Toch lukt het Jolanda om niet overal op in te gaan. Hoezeer ze ook wordt uitgedaagd door zijn ‘volstrekt egocentrische wereldbeeld’, ze is vastbesloten om van de puberteit geen strijdtoneel te maken. ,,Ik focus op de goeie dingen. Hij is sportief, goed georganiseerd, doet het prima op school. En straks gaat-ie het huis uit, dan ben ik ‘m kwijt. Dus wil ik genieten van de momenten die we nu samen hebben. Al laat hij me nog zo fijntjes weten dat hij liever met zijn vrienden iets doet dan met mij.” Mijn eigen relativeringsvermogen kan wel wat oefening gebruiken. Mijn puber krijgt me helaas te snel op de kast, waardoor de stemming in huis nog wel eens tot onder het nulpunt wil dalen. Om toch met hem in contact te blijven, heb ik al diverse ‘puberhandboeken’ geraadpleegd.  Zo heb ik geleerd dat ik niet moet proberen begrip te kweken voor mijn ondankbare rol als opvoeder. Dat ik een veilig persoon ben om te ‘haten’, omdat ik toch wel bij hem blijf. Dat hij het conflict niet opzoekt om mij het leven zuur te maken, maar om zijn eigen identiteit te ontwikkelen. En dat wij elkaar nu weliswaar niet zo leuk vinden, maar dat ik wél de bodem onder zijn bestaan ben.

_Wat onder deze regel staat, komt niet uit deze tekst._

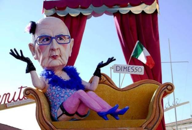 Quasi tutte le costruzioni di cartapesta erano dedicate al premier, oggi 1 febbraio. Ma ha molto divertito anche quella che raffigurava la cancelliera tedesca a seno nudo

Die wetenschap helpt. Even. Maar de sfeer wordt er niet per se veel beter van. Het kost me soms moeite om niet in een slachtofferrol te schieten. Waar heb ik al dat verzet aan verdiend? Ik heb toch immers het beste voor met mijn zoon? Waarom kan het niet gewoon gezéllig zijn? Ik zit mezelf in de weg met mijn huilerige vragen en dus meld ik me aan voor de online cursus ‘Makkelijker omgaan met je puber’.

© Shody Careman.

Puberzweetsokken
In prettige filmpjes legt psychologe Tischa Neve me uit hoe contraproductief een preek werkt en hoeveel meer effect je bereikt met een positieve boodschap. Zelfs een dreigement kun je zo al beter laten klinken, aldus Neve. Ik probeer het meteen uit bij mijn zoon. In plaats van bij voorbaat woedend te roepen dat ik zijn kleren niet was als ze niet in de wasmand zitten, formuleer ik het eens anders: ,,Als jij je vuile kleren even in de wasmand gooit, dan was ik ze straks mee.”

Binnen vijf minuten is het huis gevuld met de doordringende geur van puberzweetsokken die hij braaf naar de wasmachine draagt. Ook leer ik dat mijn zoon bij voorkeur zwart-wit denkt. Dat ordent zijn chaotische hoofd een beetje. Iemand is chill of een eikel, daar zit weinig lucht tussen – een gebrek aan nuance dat discussiëren met een puber vrij kansloos maakt. Winnen zit er niet in, begrijp ik, dus kun je het als ouder maar beter kort houden. Wel is het zaak de ‘ik-boodschap’ te gebruiken. Dus niet: ‘Moet dit mensonterende voorgeborchte van de hel jouw kamer voorstellen?’ Maar wel:  ‘Ik vind het niet fijn dat je je kamer nooit opruimt.’ Weliswaar sorteren beide opmerkingen geen enkel effect, maar bij die laatste klink je in elk geval een stuk minder verwijtend.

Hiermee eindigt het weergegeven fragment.